However the headlines of "breaking away from AQIM" appear to deliberately mislead an overview of the situation.
That Belmokhar has experienced a heavy share of confrontation with AQIM chief Abu Musab Abdel Wadoud (Abdelmalek Droukdel) is well-documented. Various explanations of AQIM's internal strife have been advanced over recent years: divisions between Algerian and Mauritanian leadership, personal rivalries, and the distribution of Western ransoms and drug profits. Leadership schisms are a natural product of regionally-networked militant groups, as the need to decentralize across borders and cultures often erodes a firm hierarchy. Those groups that enjoy permanence at the top usually function as symbols of national power: the Taliban's Mullah Omar or Hezbollah's Hassan Nasrallah.

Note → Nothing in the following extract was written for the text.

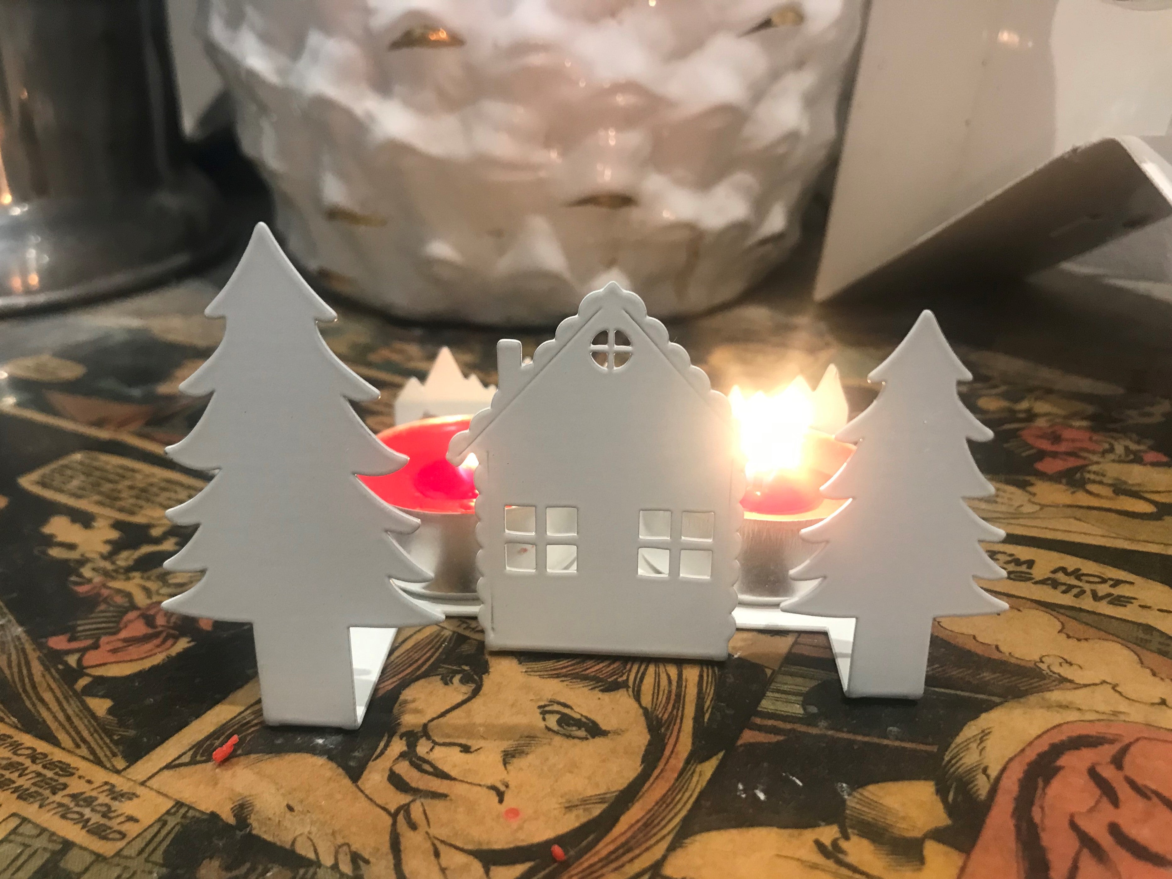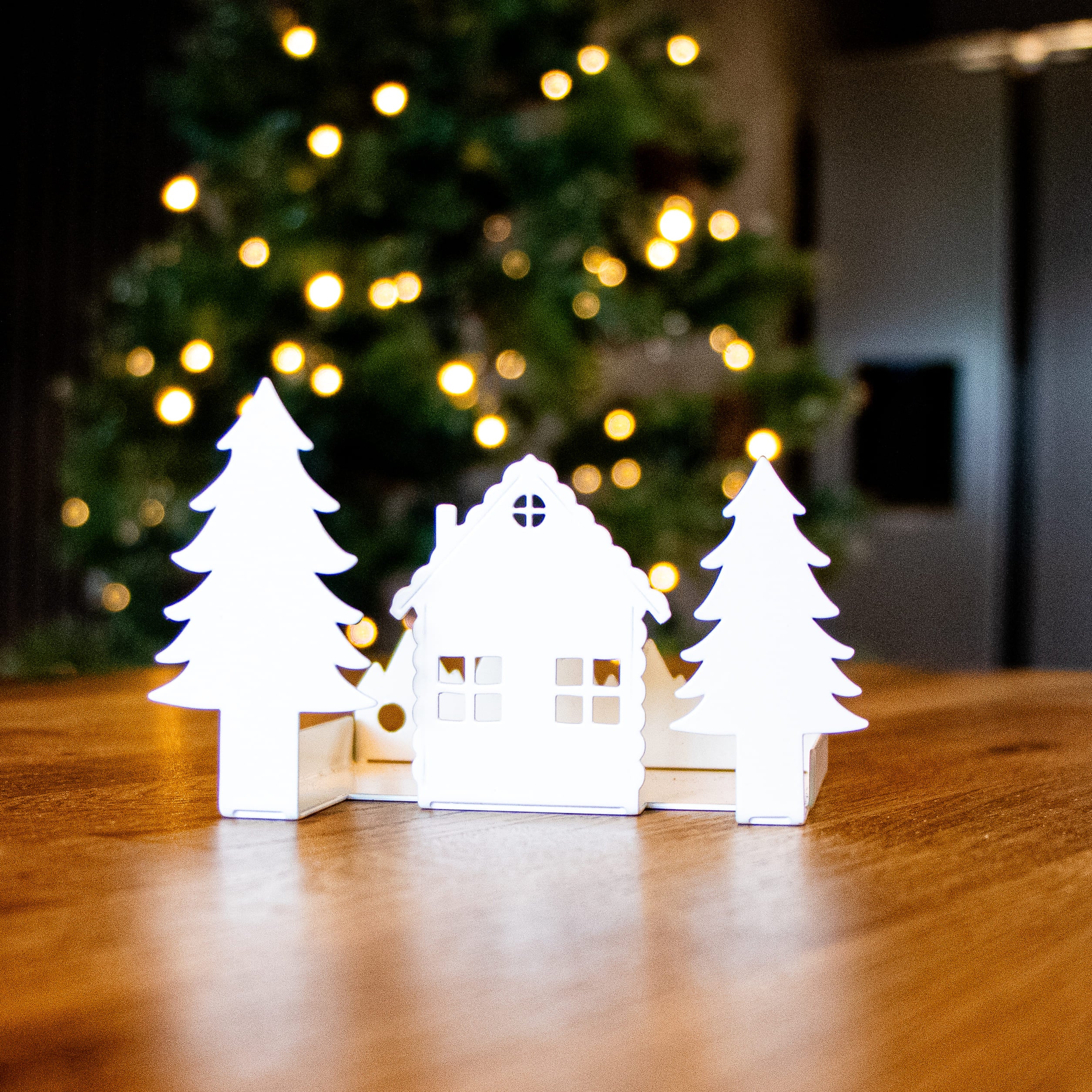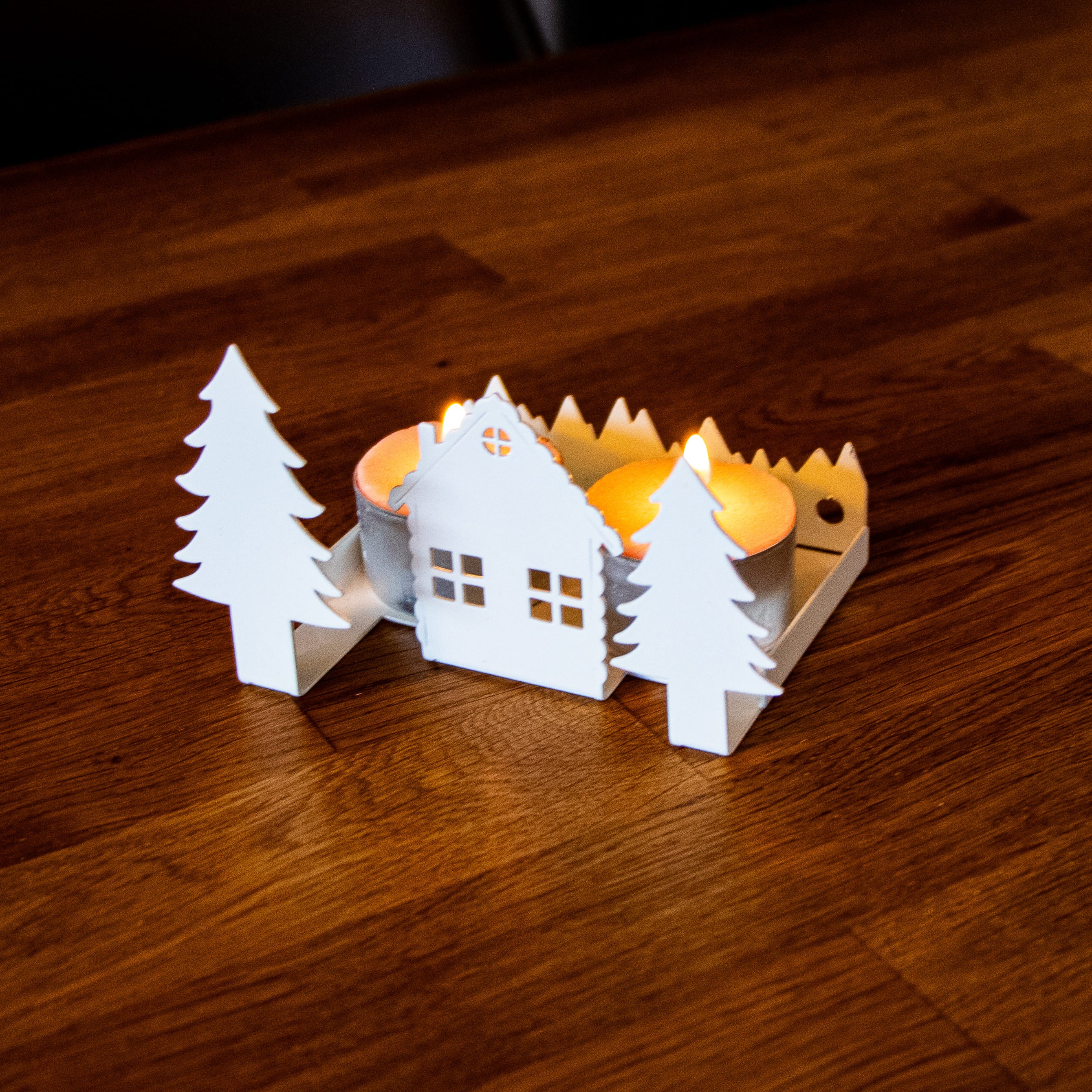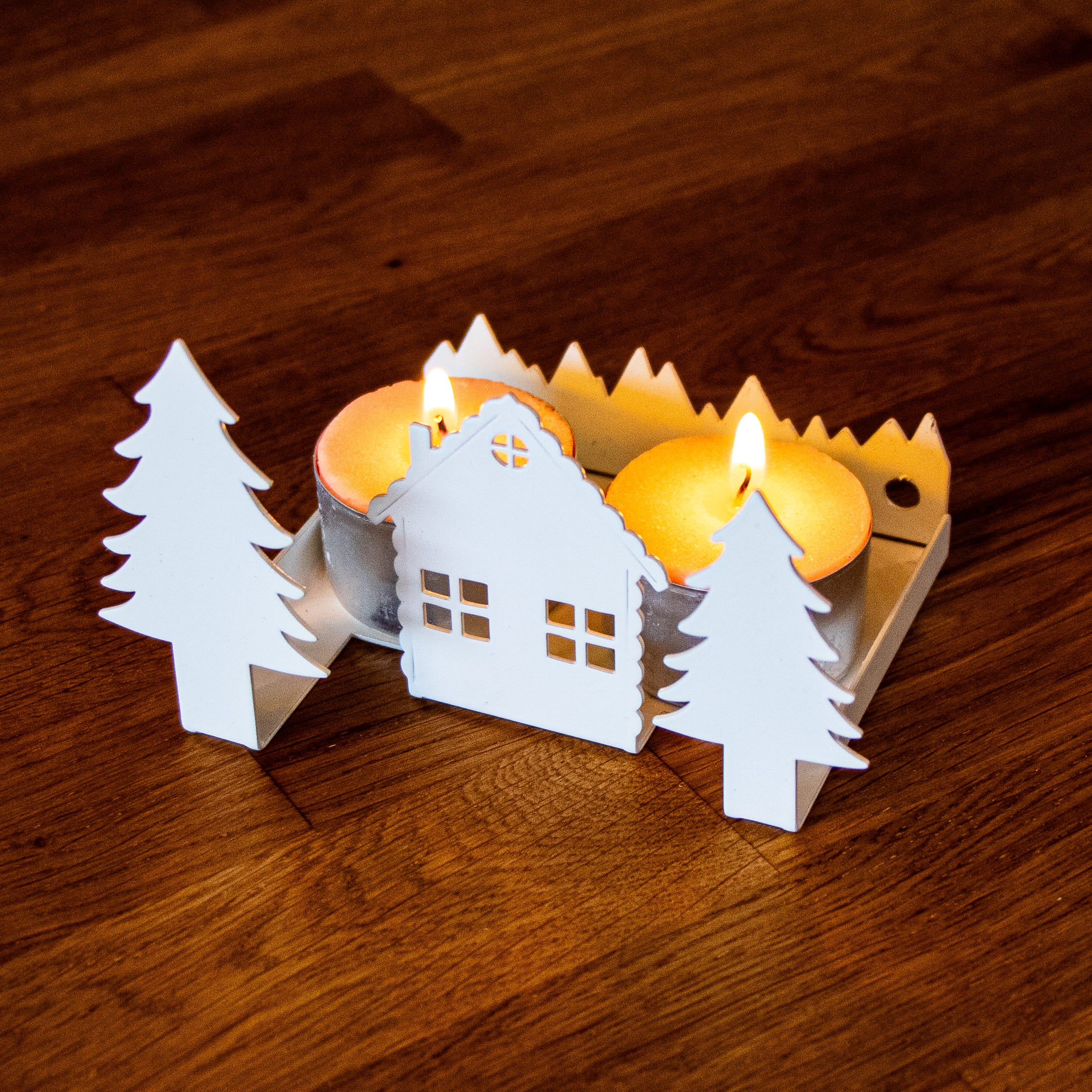 This Tea Light and Candle Holder is suitable for storing up to 2 tealights or candles. The front panels depicts a log cabin and two trees at staggered depths. This gives a great deal of depth perception, making it look like a 3D scene. When the candles are lit, in darker settings the lights will shine through the gaps of the design, looking like an illuminated log cabin on a winter's night.

At the same time, a foreign intervention of northern Mali stands a good chance of closing the Islamists' ranks, at least until the momentum swings against them and the alliance is forced to scatter across northern Mali.
Belmokhtar's recent announcements illustrate the dilemma facing Western and African capitals. While "One Eye" cannot be expected to obey every command of AQIM, he has pledged to abide by the decisions made collectively by AQIM, the local Ansar Dine outfit and the regionally-minded Movement for Oneness and Jihad in West Africa (MUJAO). His group will allegedly specialize in kidnapping Westerns and extorting ransoms to fund the Islamic alliance, thereby dividing their labors. Belmokhtar has relocated his base to Gao, where MUJAO has established its headquarters and oversees the Islamists' campaign in northern Mali.
Reinforcing the line of communication between groups is MUJAO's military planner and Bekmokhtar's deputy, local Tuareg Omar Ould Hamaha.
Abdalahi Ould Ahmed, editor-in-chief of the daily newspaper Chouhoud, gives a more comprehensive explanation for AQIM's proliferating offshoots: "As the organization has grown and incorporated fighters of different origins, conflicts of interests have become increasingly frequent.” This process carries its advantages and disadvantages. Given an increase in funds and territory, turf battles become inevitable in the war for jihadist hearts and minds. Purely commercial elements flock to West Africa's flow of cash and cocaine, undermining the Islamists' overall message and corrupting personalities from the lowest to highest ranks.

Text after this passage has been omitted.